Do not administer to small children (under 3 years of age) for more than a week without a doctor's or pharmacist's recommendation.

Patients with liver or kidney disorders, as well as pregnant or breastfeeding women, should consult their doctor or pharmacist before using the medicine, as a large amount of benzyl alcohol may accumulate in their body and cause adverse reactions (metabolic acidosis).

If the medicine is administered in high doses or intrathecally, solvents containing benzyl alcohol should not be used. A preservative-free 0.9% sodium chloride solution should be used to reconstitute the medicine.

The medicine contains less than 1 mmol (23 mg) of sodium per vial, which means the medicine is considered "sodium-free".

3. How to use the medicine

Your doctor will determine the dose of the medicine that is right for you. The scheme and method of administration depend on the treatment scheme used. The medicine can be administered as an intravenous infusion, intravenous injection, subcutaneously, or intrathecally.

Using a higher dose of the medicine than recommended

The medicine will be used in a hospital setting by doctors experienced in the administration of anticancer therapy, so the use of a higher dose than recommended is unlikely.

Stopping the use of the medicine

The decision to stop treatment is made by the doctor. If you have any further questions about the use of this medicine, ask your doctor or pharmacist.

4. Possible side effects

Like all medicines, this medicine can cause side effects, although not everybody gets them.

Very common(may affect more than 1 in 10 people):

  • Sepsis (generalized infection), pneumonia, infection.
  • Bone marrow suppression, thrombocytopenia (reduced platelet count), anemia, megaloblastic anemia (a condition characterized by lower than normal hemoglobin values and fewer, larger red blood cells), leukopenia (reduced white blood cell count), reduced reticulocyte count (immature red blood cells).
  • Mouth ulceration, oral mucositis, rectal mucositis, proctitis, diarrhea, vomiting, nausea, abdominal pain.
  • Liver function disorders.
  • Hair loss, rash.
  • Cytarabine syndrome (fever, muscle pain, bone pain, sometimes chest pain, maculopapular rash, conjunctivitis, and malaise, usually occurring 6-12 hours after administration of the medicine).
  • Fever.
  • Abnormal bone marrow biopsy and blood smear results.
  • Central nervous system disorders and cerebellar disorders*, drowsiness*.
  • Corneal disorders*.
  • Acute respiratory distress syndrome*, pulmonary edema*.
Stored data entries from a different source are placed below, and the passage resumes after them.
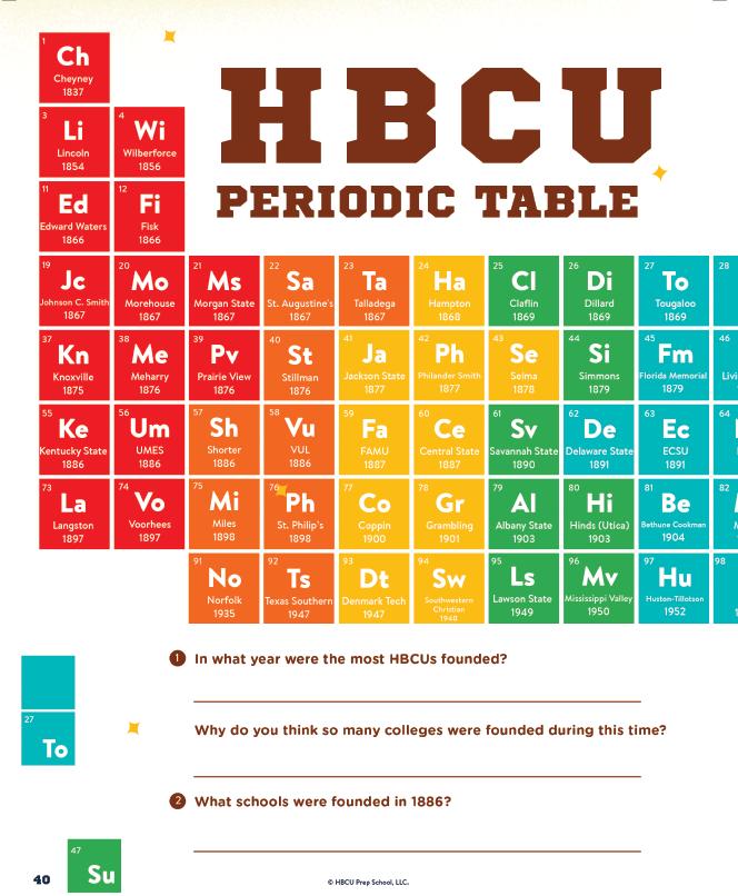 • Engaging prompts Thought-provoking questions and activities that explore patents, tuition history, and the Civil Rights Movement’s impact through student voices.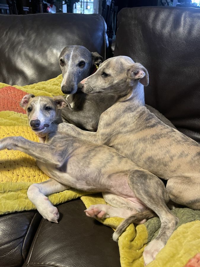 Quatre. Petits bébés Whippets, né le 17 février élevé en famille.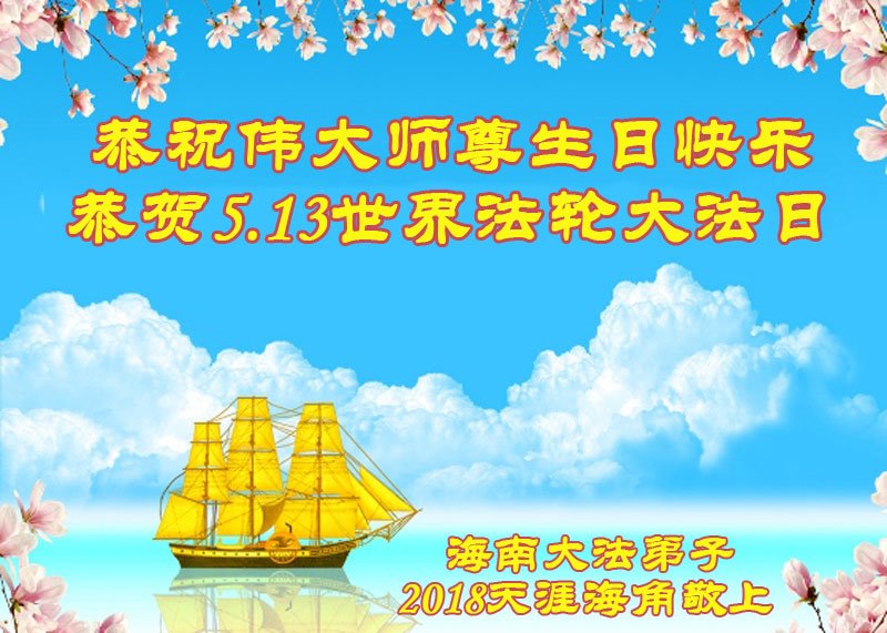 海南一大法弟子恭祝慈悲偉大的師尊生日快樂!恭祝5.13世界法輪大法日!

Common(may affect up to 1 in 10 people):

  • Skin ulceration.
  • Necrotizing colitis*.
  • Exfoliative dermatitis*.

Frequency not known(cannot be estimated from the available data):

  • Subcutaneous tissue inflammation at the injection site.
  • Anaphylactic reaction (sudden allergic reaction), allergic edema.
  • Decreased appetite.
  • Toxic nerve damage, neuritis, dizziness, headache.
  • Conjunctivitis.
  • Pericarditis, bradycardia (reduced heart rate), atrial bradycardia.
  • Thrombophlebitis.
  • Dyspnea, throat pain.
  • Pancreatitis, esophagitis, esophageal ulceration.
  • Jaundice.
  • Painful erythema and blistering on the hands and soles of the feet (palmar-plantar erythrodysesthesia syndrome), urticaria, pruritus, petechiae.
  • Kidney function disorders, urinary retention.
  • Chest pain, pain and inflammation at the subcutaneous injection site.
  • Hepatic abscess*.
  • Personality changes*.
  • Coma*, seizures*, peripheral motor neuropathy*, peripheral sensory neuropathy*.
  • Cardiomyopathy* (heart disease).
  • Gastric or intestinal necrosis*, gastric or intestinal ulcer*, intestinal obstruction*, peritonitis*.
  • Liver damage*, hyperbilirubinemia* (elevated bilirubin levels in the blood).

*adverse reactions occurring with high doses of the medicine, other than with standard doses.

Reporting of side effects

If you experience any side effects, talk to your doctor or pharmacist. This includes any possible side effects not listed in this leaflet. Side effects can be reported directly to the Department of Drug Safety Monitoring of the Office for Registration of Medicinal Products, Medical Devices, and Biocidal Products, Al. Jerozolimskie 181C, 02-222 Warsaw, Tel.: +48 22 49 21 301, Fax: +48 22 49 21 309, website: https://smz.ezdrowie.gov.pl. Side effects can also be reported to the marketing authorization holder or its representative.

5. How to store the medicine

Keep the medicine out of the sight and reach of children.

Do not use this medicine after the expiry date which is stated on the label and carton after EXP. The expiry date refers to the last day of that month.

Store in a temperature below 25°C.

The prepared solution (using the solvent contained in the package) can be stored for up to 4 days in the refrigerator (2°C - 8°C) or up to 24 hours at a temperature below 30°C.

Medicines should not be disposed of via wastewater or household waste. Ask your pharmacist how to dispose of medicines no longer required. This will help protect the environment.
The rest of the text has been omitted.